症例1:専門特化は強い。けれど「橋渡し」がいないと崩れる

専門化は、間違いなく強い。脳外科医は脳のことを世界一知っている。心臓外科医は心臓を一生かけて研究する。これが医療レベルを引き上げてきた。

けれど、 専門医だけの組織は、患者を一人の人間として扱えなくなる 。脳と心臓と腸を同時に診なければならない高齢患者を、誰がまとめるのか。総合診療医という「橋渡し役」がいないと、 専門医の集まりは、患者にとっての迷路 になります。

これって、会社でも同じだよね。マーケと開発と営業が縦割りで、お客様窓口は「それは別部署で…」とたらい回し。 専門化+橋渡し不在=顧客の迷子 っていう構造。

その通りです。 専門化が悪いのではなく、橋渡しを誰もやらないのが悪い 。総合診療医の価値は、専門医を否定するのではなく、 専門医を活かす配置を考えられる ところにあります。

症例2:「全身を診る人」は地味だが、最後に効く

専門医は華やかです。難しい手術を成功させて拍手喝采を浴びる。一方、総合診療医の仕事は 地味 です。発熱の原因を一つずつ潰す、患者の話をじっくり聞く、生活背景を聞き取る、家族関係まで踏み込んで原因を探る——派手なシーンはほとんどない。

けれど、 地味な仕事の積み重ねが、最後に「他の誰も気づけなかった原因」を見つけ出す 。これが総合診療医の本領です。

専門医が「自分の臓器に異常はない」と次々に言って終わったあと、最後に総合診療医が「これかも」と一つの答えにたどり着く——あれが本当に静かにすごいですね。

「複数の小さな違和感を、一つの絵として組み上げる力」 。

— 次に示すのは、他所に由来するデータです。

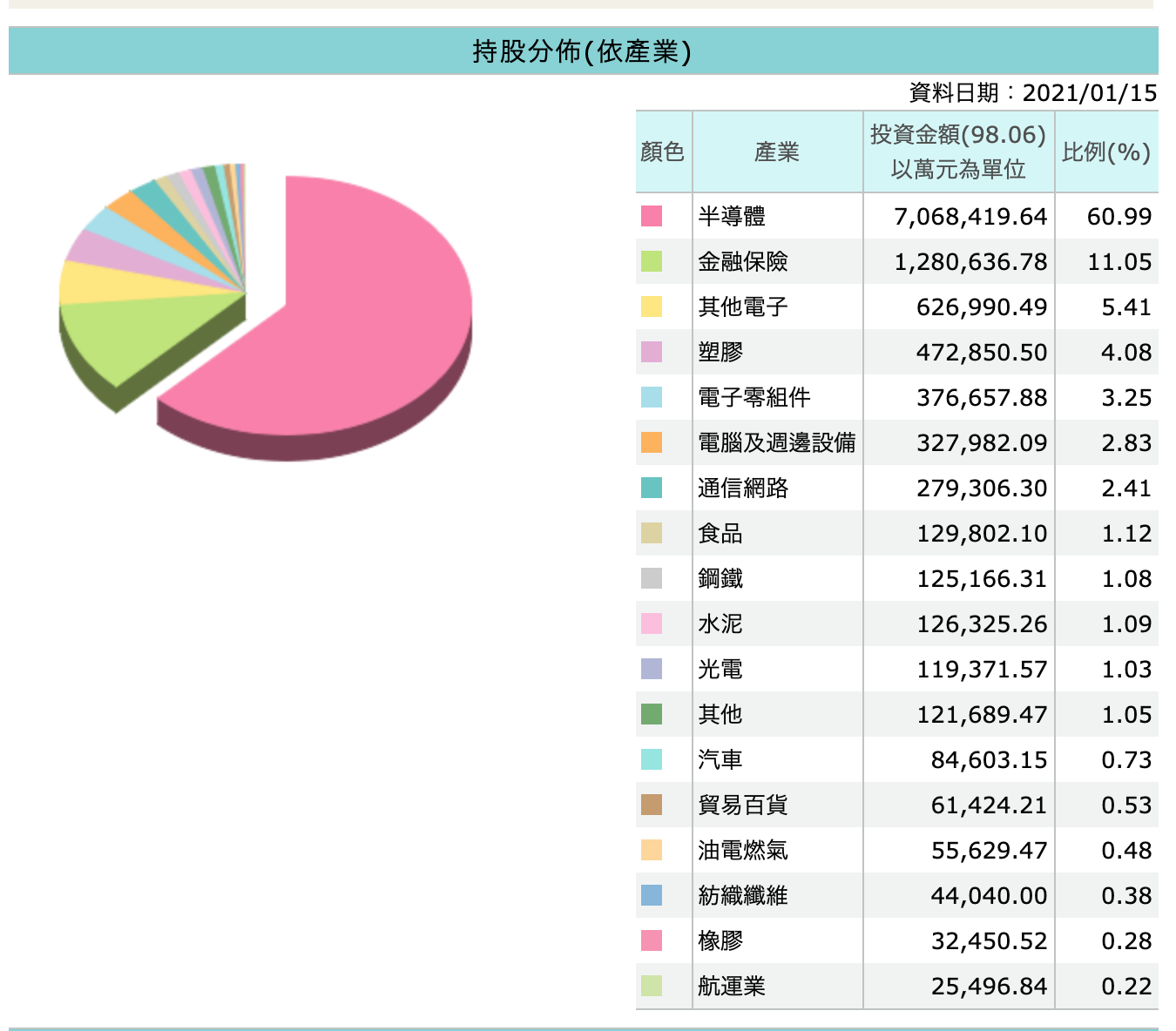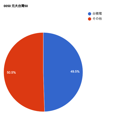 台積電の比率が49.2%となっています。このデータは12月31日のもので、一ヶ月ごとに更新されるので一月のデータでは50%超えている可能性があります。

これはどの仕事にも応用できる技術です。営業データの違和感、顧客レビューの微妙な変化、社員の表情の変化——一つひとつは小さくても、全体として組み上げると「あ、これだ」と気づける人がいる。 全体を見ている人だけが、最初に異変に気づける

症例3:身近な「全身を診ている人」の話

『19番目のカルテ』の総合診療医のように、 全体を見ている人 は、医療以外の現場にも確かにいます。

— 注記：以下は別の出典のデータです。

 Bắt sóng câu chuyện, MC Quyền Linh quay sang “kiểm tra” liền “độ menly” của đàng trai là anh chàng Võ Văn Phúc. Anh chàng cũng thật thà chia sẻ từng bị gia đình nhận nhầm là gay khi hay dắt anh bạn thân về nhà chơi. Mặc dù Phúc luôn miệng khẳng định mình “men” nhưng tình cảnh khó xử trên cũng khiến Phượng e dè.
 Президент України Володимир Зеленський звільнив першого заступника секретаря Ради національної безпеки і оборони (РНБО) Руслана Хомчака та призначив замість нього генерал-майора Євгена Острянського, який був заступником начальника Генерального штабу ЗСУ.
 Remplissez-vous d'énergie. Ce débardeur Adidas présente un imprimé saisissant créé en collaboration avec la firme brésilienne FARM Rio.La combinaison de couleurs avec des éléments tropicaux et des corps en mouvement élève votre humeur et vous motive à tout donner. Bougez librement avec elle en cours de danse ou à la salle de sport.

たとえば、 小さな町工場の社長 。営業も経理も製造も、全部の現場に顔を出す。スペシャリストではないけれど、 「うちの会社全体が今どう動いているか」を即座に答えられる 。だから危機に強い。

たとえば、 幼稚園のベテラン先生 。一人ひとりの子どもの体調・家庭環境・友達関係を全部頭の中で繋いでいる。「最近Aちゃんが元気ないけど、お母さんの仕事が忙しくなったから」「BくんとCちゃんが喧嘩したから、Dちゃんも巻き込まれてる」——これが全身を診る能力。

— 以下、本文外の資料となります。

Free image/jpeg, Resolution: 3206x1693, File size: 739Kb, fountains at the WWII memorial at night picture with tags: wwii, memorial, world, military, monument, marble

たとえば、 長く同じ職場にいるベテラン秘書 。社長の予定だけでなく、誰と誰の関係が険悪か、どのプロジェクトが行き詰まっているか、新人の誰がメンタル不調かを察知している。 立場上の権限はなくても、組織全体の健康状態を一番把握しているのは、こういう人 です。

「専門性」じゃないから出世はしにくいかもしれない。でも、 その人がいなくなった瞬間に、組織が壊れる 。それが「全身を診る人」の正体ですね。

そう。 評価されにくい、でも替えが効かない 。これが全身を診る人の宿命です。表に出る派手な仕事ではなく、 裏で組織を縫い合わせている

症例4:私が病棟で「全身を診る人」をやっていたとき

これは私の経験です。

看護師として26年働いてきましたが、看護師の仕事はある意味で 「全身を診る」職業 です。医師が専門ごとに見ていく中で、看護師は患者一人を24時間「人として」見続けます。食事量、排尿量、表情、家族との会話、夜の眠り方——これらを全部繋げて見るのが看護師の本領です。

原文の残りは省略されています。